Ils partent donc rejoindre les forces alliées en Normandie, habitude qui perdurera longtemps. Puis se
dirigent vers la Méditerranée pour embarquer à bord des navires italiens. La prise de Chypre offre aux
croisés une base de replis et une place forte proche des conflits. Les Occidentaux de Terre Sainte ne
sont pas en reste et les sièges de Damas, Acre et Jérusalem commencent. C’est principalement à Acre
où Guy de Lusignan, roi de Jérusalem a commencé le siège en août 1188 qui est le point focal de
toutes les attentions. Une fois Acre prise, un nouveau royaume voit le jour et une tête de pont est
établie. Bien que les troupes françaises soient reparties, c’est les troupes anglaises, menées par Richard
Cœur-De-Lion qui délivrent l’Orient. Il mourra pourtant d’une flèche en plein cœur, comme le
personnage tragique qu’il est. Les fils Ponchu, riches encore et chanceux de n’avoir pas succombés,
rentrent donc au pays. Mathilde, leur mère, les attends bien sagement bien que leur père soit partis aux
cieux rejoindre ses pères et les pères de ceux-ci. Les croisades c’est fini, disent-ils et ils ont rapporté
des bonbons car les fleurs sont périssables.
Pourtant, en 1202, Innocent III, pape de son prénom décide qu’il est temps de laisser un souvenir
impérissable dans les pages de l’Histoire et à son tour appelle à la bonne volonté d’aller se faire tuer et
lance une quatrième croisade. Les frères Ponchu sont fatigués et leurs fils ne sont pas encore en âge.
Ils passent donc. Bien leur en pris car cette croisade ne verra jamais la Terre Sainte. Honteusement
détournée par des vils vénitiens qui désirent plus que tout régler une vieille dette d’avec Byzance, elle
verra les croisés piller la Nouvelle Rome et repartir avec le butin. Des chrétiens tuent d’autres
chrétiens mais à leur décharge, ceux-là étaient orthodoxes. Un moment de honte pour cet épisode
navrant.
S’en suit quatre autres croisades, chacune ayant pour but d’apporter un peu plus de gloire et de
richesse à ses déclencheurs mais sur le plan éthique et morale n’apportent pas grand-chose.
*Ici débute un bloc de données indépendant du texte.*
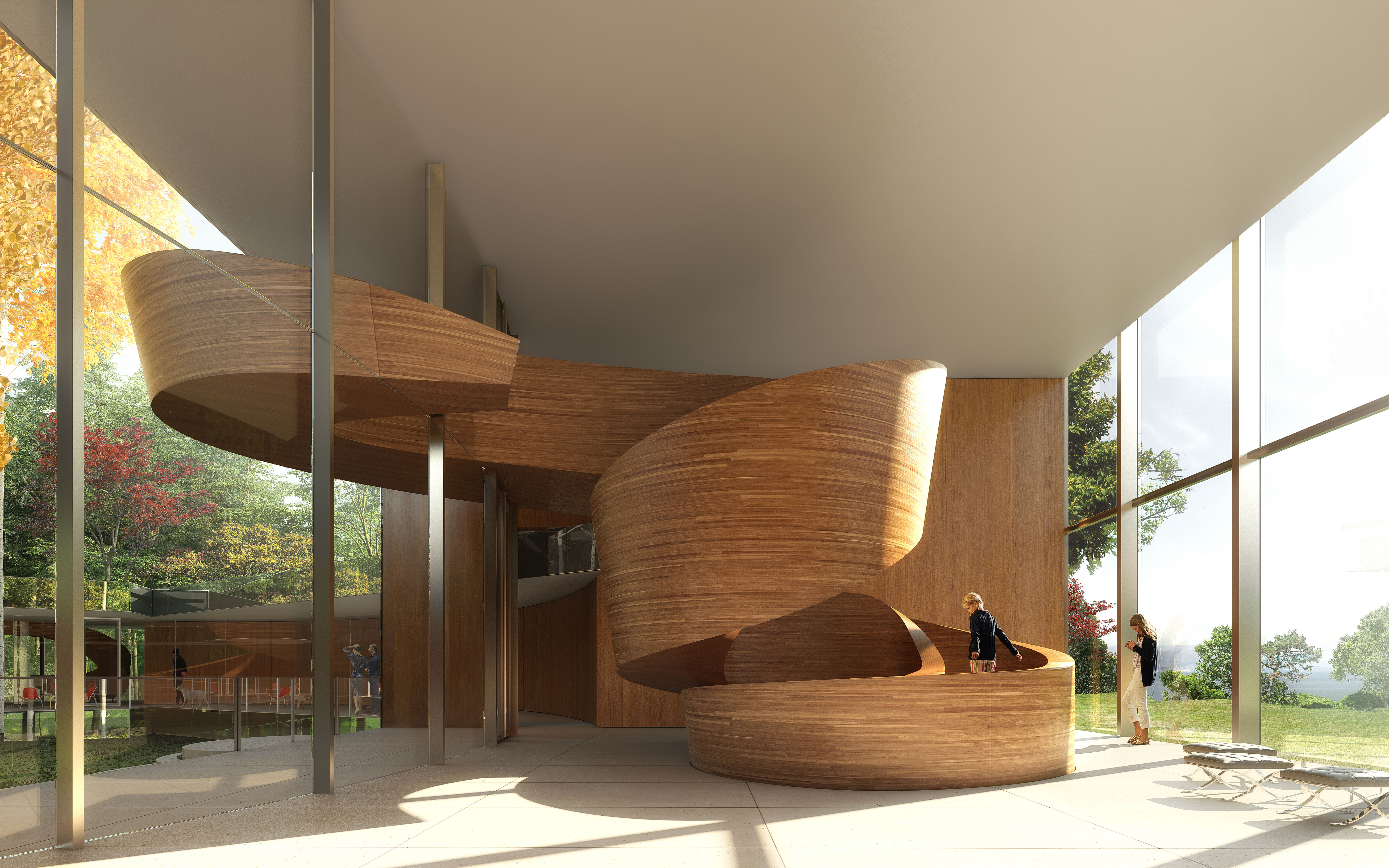 Overlooking the courtyard garden, the circular walkway is the physical connector for all the residence’s gems. It is lined by a simple cherrywood wall that morphs into functional yet playful, ribbon-like objects—as if sculpted or rolled by hand—within the Event Pavilion (seen above from across the courtyard) and Entertainment Pavillion. The wood wall is divided into full-height, pivoting panels that can open each home up, or close them off, when families want to engage each other or want privacy.

Le pieux
Louis IX en sera même de sa poche pour aller voir le tombeau de Jérusalem et financera la septième
croisade. Le fils du second frère Ponchu sera de la partie, voulant lui aussi admirer la Terre Sainte que
croisèrent ses ancêtres. Revenu blessé, il instruira ses fils en leur disant bien que les croisades, pour
lui, c’est fini.
Que retenir de ces quelques lignes ? Quels furent les destins des hommes de la famille Ponchu ? Pas
grand-chose. Même si les occidentaux rapportèrent quelques nouveautés de leurs visites en Terres
Saintes, rien d’extraordinaire ne se produisit. Ces croisades contribuèrent à éloigner les Chrétiens des
Musulmans mais aussi, surtout, les Catholiques des Orthodoxes. La prise de Constantinople, les
trahisons répétées des croisées envers les byzantins et les exactions barbares et sanguinaires
contribuèrent à enliser encore plus les terres européennes et à développer un sentiment de méfiance et
de haine de la part des peuplades soumises.
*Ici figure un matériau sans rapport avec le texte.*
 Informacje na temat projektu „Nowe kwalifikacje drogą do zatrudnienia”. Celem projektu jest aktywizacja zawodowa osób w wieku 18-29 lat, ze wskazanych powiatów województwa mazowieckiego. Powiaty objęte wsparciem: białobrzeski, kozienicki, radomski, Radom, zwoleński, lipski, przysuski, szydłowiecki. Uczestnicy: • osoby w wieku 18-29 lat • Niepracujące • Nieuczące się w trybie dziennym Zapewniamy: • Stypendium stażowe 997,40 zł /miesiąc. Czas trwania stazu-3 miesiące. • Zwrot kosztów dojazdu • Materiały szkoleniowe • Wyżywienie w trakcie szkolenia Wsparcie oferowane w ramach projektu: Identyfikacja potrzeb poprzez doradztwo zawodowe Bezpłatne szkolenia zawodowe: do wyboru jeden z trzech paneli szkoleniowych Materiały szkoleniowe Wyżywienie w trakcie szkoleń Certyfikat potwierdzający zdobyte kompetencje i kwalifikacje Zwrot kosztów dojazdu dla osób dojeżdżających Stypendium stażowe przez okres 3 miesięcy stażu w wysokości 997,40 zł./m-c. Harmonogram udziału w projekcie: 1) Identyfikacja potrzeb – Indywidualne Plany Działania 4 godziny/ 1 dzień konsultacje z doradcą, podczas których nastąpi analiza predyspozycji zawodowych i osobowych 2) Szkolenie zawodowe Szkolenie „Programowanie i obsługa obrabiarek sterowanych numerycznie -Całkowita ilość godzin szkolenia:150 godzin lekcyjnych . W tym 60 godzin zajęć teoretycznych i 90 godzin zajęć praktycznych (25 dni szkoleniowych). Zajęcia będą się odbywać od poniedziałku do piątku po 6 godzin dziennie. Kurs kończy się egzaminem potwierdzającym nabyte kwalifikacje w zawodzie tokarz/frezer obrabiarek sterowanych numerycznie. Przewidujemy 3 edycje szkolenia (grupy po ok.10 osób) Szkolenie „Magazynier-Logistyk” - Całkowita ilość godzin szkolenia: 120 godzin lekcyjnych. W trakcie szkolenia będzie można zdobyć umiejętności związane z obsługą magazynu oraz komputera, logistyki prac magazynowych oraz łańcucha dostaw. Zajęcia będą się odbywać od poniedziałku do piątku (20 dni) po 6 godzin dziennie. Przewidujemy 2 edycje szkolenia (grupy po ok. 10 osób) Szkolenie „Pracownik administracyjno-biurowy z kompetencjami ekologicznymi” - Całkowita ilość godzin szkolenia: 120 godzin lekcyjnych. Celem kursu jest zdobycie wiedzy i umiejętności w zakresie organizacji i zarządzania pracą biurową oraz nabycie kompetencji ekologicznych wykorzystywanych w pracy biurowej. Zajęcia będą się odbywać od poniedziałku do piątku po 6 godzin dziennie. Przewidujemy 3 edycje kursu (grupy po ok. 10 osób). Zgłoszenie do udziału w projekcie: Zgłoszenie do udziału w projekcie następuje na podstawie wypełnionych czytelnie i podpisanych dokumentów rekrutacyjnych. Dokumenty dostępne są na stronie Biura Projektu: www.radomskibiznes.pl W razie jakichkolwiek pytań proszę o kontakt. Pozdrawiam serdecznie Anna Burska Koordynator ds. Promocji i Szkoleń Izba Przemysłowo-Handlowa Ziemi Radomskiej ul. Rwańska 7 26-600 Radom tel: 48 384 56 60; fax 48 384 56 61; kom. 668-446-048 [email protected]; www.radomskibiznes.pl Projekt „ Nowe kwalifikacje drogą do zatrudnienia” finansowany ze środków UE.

Les croisades n'ont pas favorisé la connaissance réciproque des deux civilisations. Des contacts plus
enrichissants se sont noués en Espagne, en Sicile et à Constantinople après 1204. Comme toute
propagande, celle des croisades est plutôt négative. Les musulmans sont accusés à cette occasion
d'idolâtrie, d'immoralité et même de louer et justifier la violence, alors que les chrétiens eux-mêmes
faisaient l'apologie de la guerre pour rassembler et recruter des chevaliers sous la bannière du Christ.
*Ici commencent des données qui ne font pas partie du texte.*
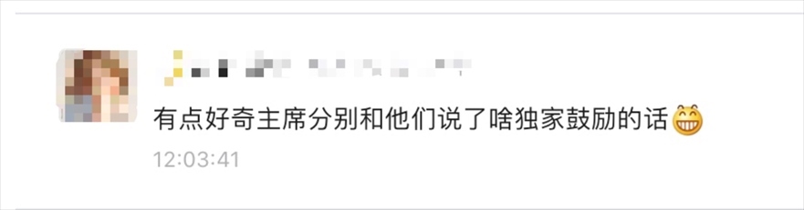 其間,總書記與不少運(yùn)動(dòng)員握手、交談。有網(wǎng)友好奇,總書記接見運(yùn)動(dòng)員時(shí)“都說了什么獨(dú)家鼓勵(lì)的話”。

Les croisades ont été l'occasion pour les chrétiens occidentaux d'être confrontés à une masse de non-
chrétiens. Les disputations religieuses sont rares. Les conversions religieuses vers le christianisme se
sont rarement faites sous la contrainte. Le missionnaire Ricoldo loue même l'hospitalité des
musulmans.
Finalement, leur effet politique essentiel, et reconnu par tous, aura été de retarder de près de deux
siècles la prise de Constantinople par les Turcs. Ce délai sera mis à profit par les principaux États
européens pour se former et se consolider, confinant la poussée ottomane sur la rive sud de la
Méditerranée.
Joseph-Marie Ponchu, descendant du chevalier, historien amateur.